Monday, October 15, 2007

Upgrade Your Marriage

The story I came across this morning on Fox News is a bit off the wall. At the same time, I can see something like this and it being put forth as a panacea for all that ails you. So that I'm not viewed as a total Big-Brotheresque prude, let me first say that what you want to do is your own business. I don't care who or what you have sex with. In that sense, I would see these robot sexbots as a natural extension of the sex toys industry and it's latest invention, the Serbian knob on a stick.

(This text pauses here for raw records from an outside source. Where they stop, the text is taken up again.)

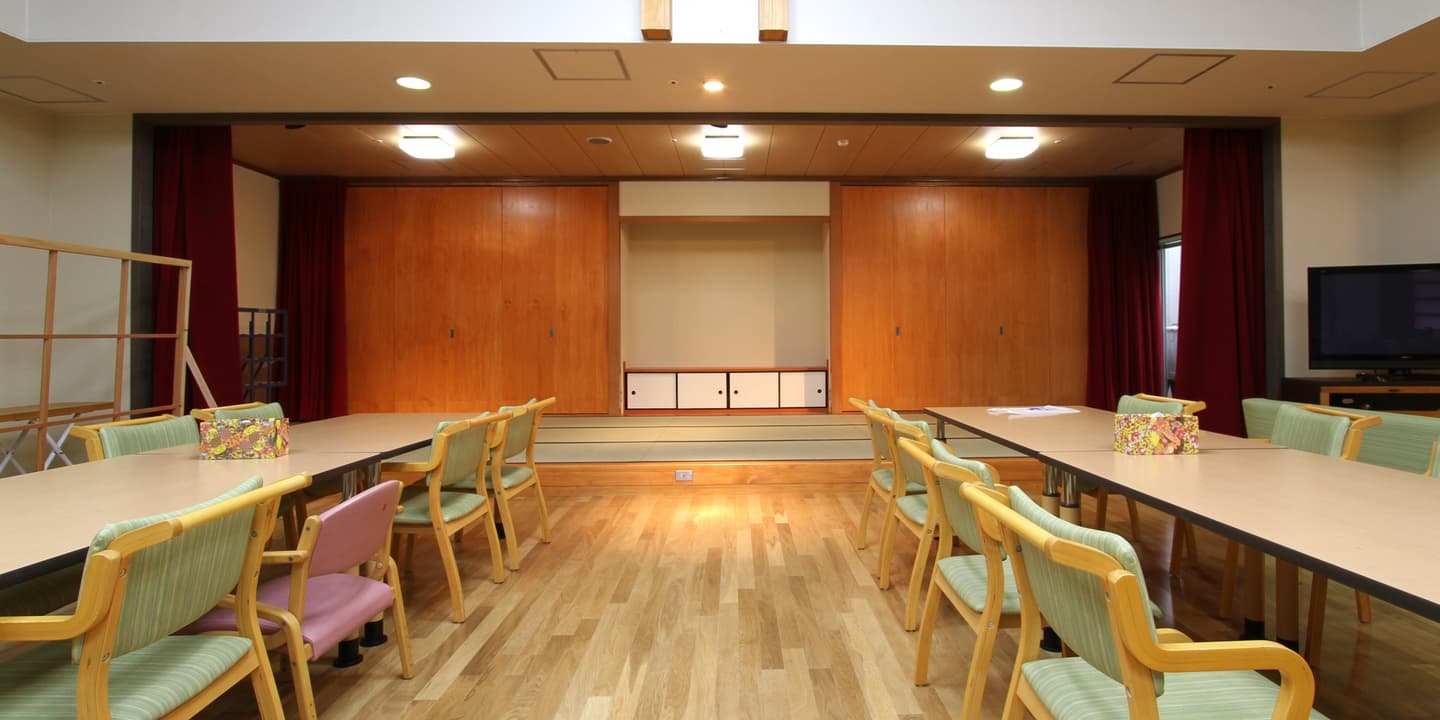 施設内は、木目調で温もりを感じられ、大食堂や小食堂、身体の状況に応じた介護用入浴機器など、ゆったりと過ごしていただける場所となっています。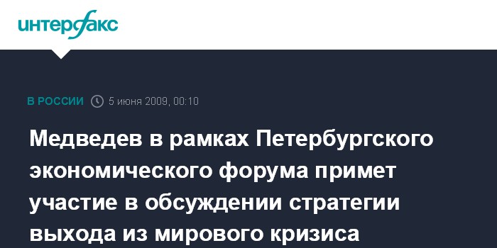 Медведев в рамках Петербургского экономического форума примет участие в обсуждении стратегии выхода из мирового кризиса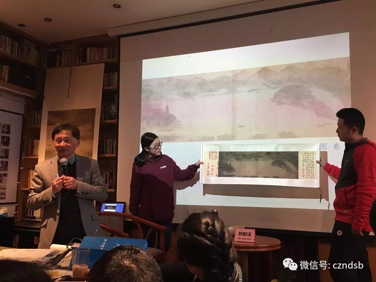 (寿老师为大家讲解他珍藏的《西湖图》)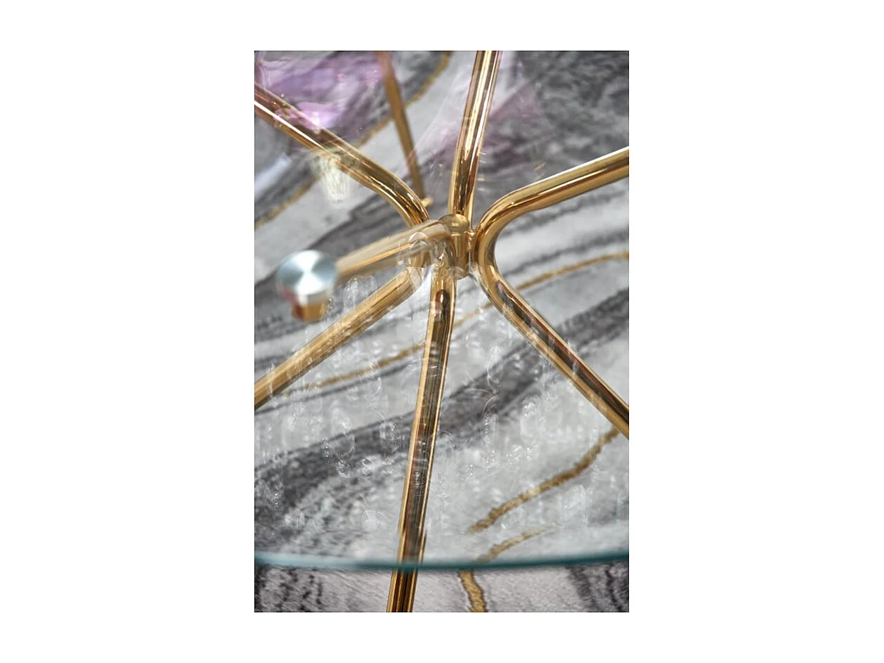 Table de salle à manger ronde avec plateau verre de 110cm et pied métal doré Around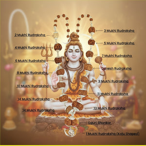 A sacred and powerful mala featuring natural 1 to 14 Mukhi Rudraksha beads, along with rare Ganesh Mukhi and Gaurishankar Rudraksha—all of Nepalese origin. This divine combination holds immense spiritual power and is ideal for seekers, healers, and sadhaks on a higher spiritual path.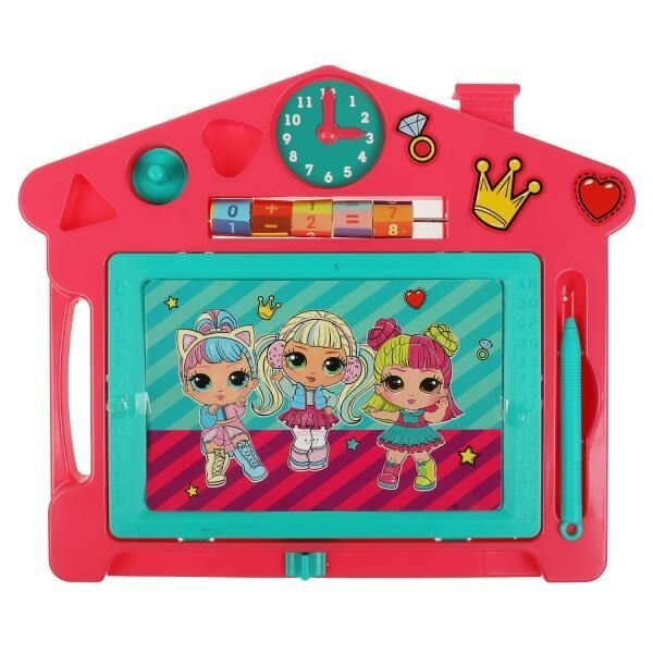 Купить Детская доска для рисования магнитная Принцессы Лол Играем вместе / счеты + часы + 3 штампа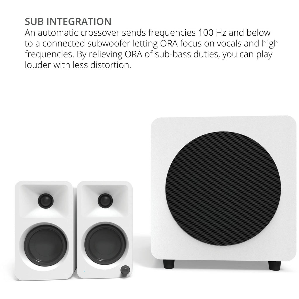 Experience studio-grade audiophile-quality sound from your computer, when adding this pair of ORA 2-Way Active Wireless Reference Desktop Speakers (Matte White) from Kanto Living to your desktop. They are an ideal solution for content creators, musicians, and gamers. Each speaker provides a 3" woofer and 0.75" silk dome tweeter that produces 50W total RMS sound, or 100W peak. Class-D bi-amplification is used for more dynamic sonic reproduction with an energy efficiency that results in minimal heat production. They connect to your PC or Mac via USB-C, but also offer RCA inputs for analog equipment, and an RCA sub out for optional subwoofer. Along with multiple wired options, Bluetooth is supported for mobile or smart home streaming.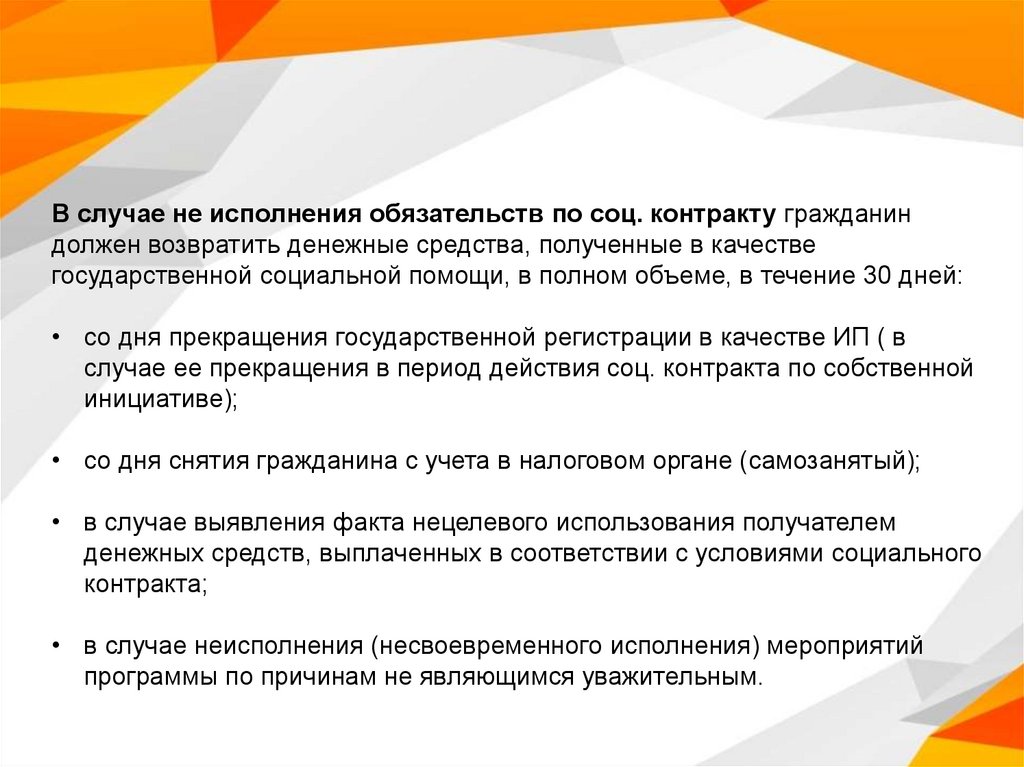 В случае не исполнения обязательств по соц. контракту гражданиндолжен возвратить денежные средства, полученные в качестве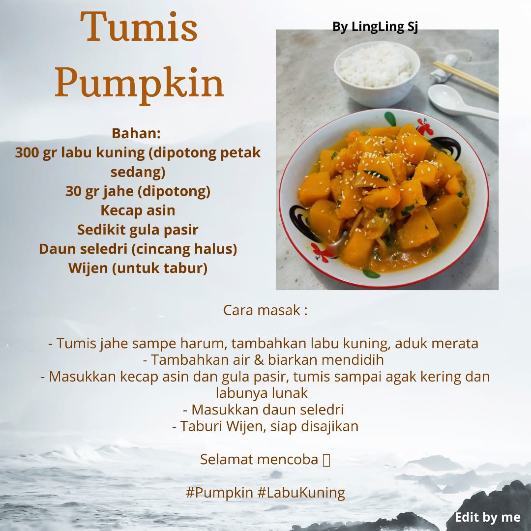 -Tumis jahe sampe harum, tambahkan labu kuning, aduk merata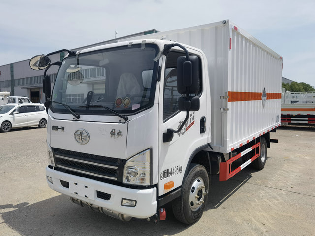 運輸桶裝的易燃液體的話,我們多采用這種密封箱式貨車來進行運輸配送,該車作為密封性質的廂體,可以有效的保障其密封安全以及固定的作用,那么該車采用的是藍牌的車型,既可以作為市區配送的車型,同時的話也可以進行重型載貨運輸的要求,這種要求統一的車型,對于我們配送的話也是很合適的。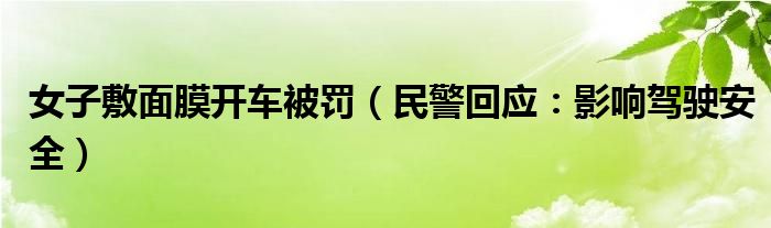 大家好,綜合小編來為大家講解下。女子敷面膜開車被罰,民警回應(yīng):影響駕駛安全很多人還不知道,現(xiàn)在讓我們一起來看看吧!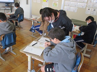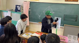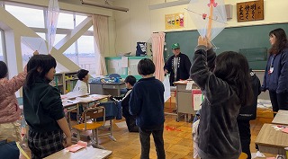 今日は、青少年育成会の方を講師に招いて、凧の骨付けを4年生で行いました。講師の先生が描いて作った凧を見て、感激する4年生。また、骨付けや足付けも行い、自分だけの凧を作り上げ、笑顔いっぱいでした。

At the same time, David Levy's idea that human-robot marriages will be legal and performed in 2050 is a bit out there. I suppose that it's possible, but I think before people can go about marrying inanimate objects, there are all kinds of animate objects to marry. I would think that in order for human/robot marriages to happen, polygamy, reverse polygamy (polyandry), human-animal marriage, and probably some other stuff would have to happen first. The big question for me here is why? What's the point of it? I suppose you might want to get your robot's tune-ups on your health plan, but other than that it just seems silly. I wouldn't be surprised for people to say they fall in love with their robots because as Levy says, you can program that sucker to be the perfect companion. You want to sit around and have it wait on you? It'll do that. You want it to sit around while you wait on it? It'll do that too. There's really nothing that a robot can't do...except love you back. Isn't that really part of the equation? I don't care how good looking a robot is or how perfect it is. Part of marriage and part of love is that you have two flawed people, each with different thoughts and feelings putting those aside and working together on a relationship. If it was just one-sided, what kind of relationship would it be? Sure, that robot could look like a circa 1999 Britney Spears or George Clooney and it would look like that, unchanging, forever. You'd always have arm candy for your parties or whatever, but the problem with having a Clooneybot and going to a party is that you're going to be made fun of for the rest of your life. Beyond that, no matter how good looking it is and how "loving" it is, it wouldn't love you. You'd be just as empty as before, except perhaps moreso because your Britneybot set you back $100,000. You'd have wild crazy relations and you'd be at least as sad and depressed as before.
Again, I don't care if people choose to have sex with these things. I just don't see the point of marriage because there's no relationship there. It's like marrying my Dimension XPS 410, only in woman form. It can update my blog, check my email, and surf the web, but it cares just as much about me as the pen on my desk.
(Feel free to insert your own "What if this runs on Windows/Blue Screen of Death joke here.)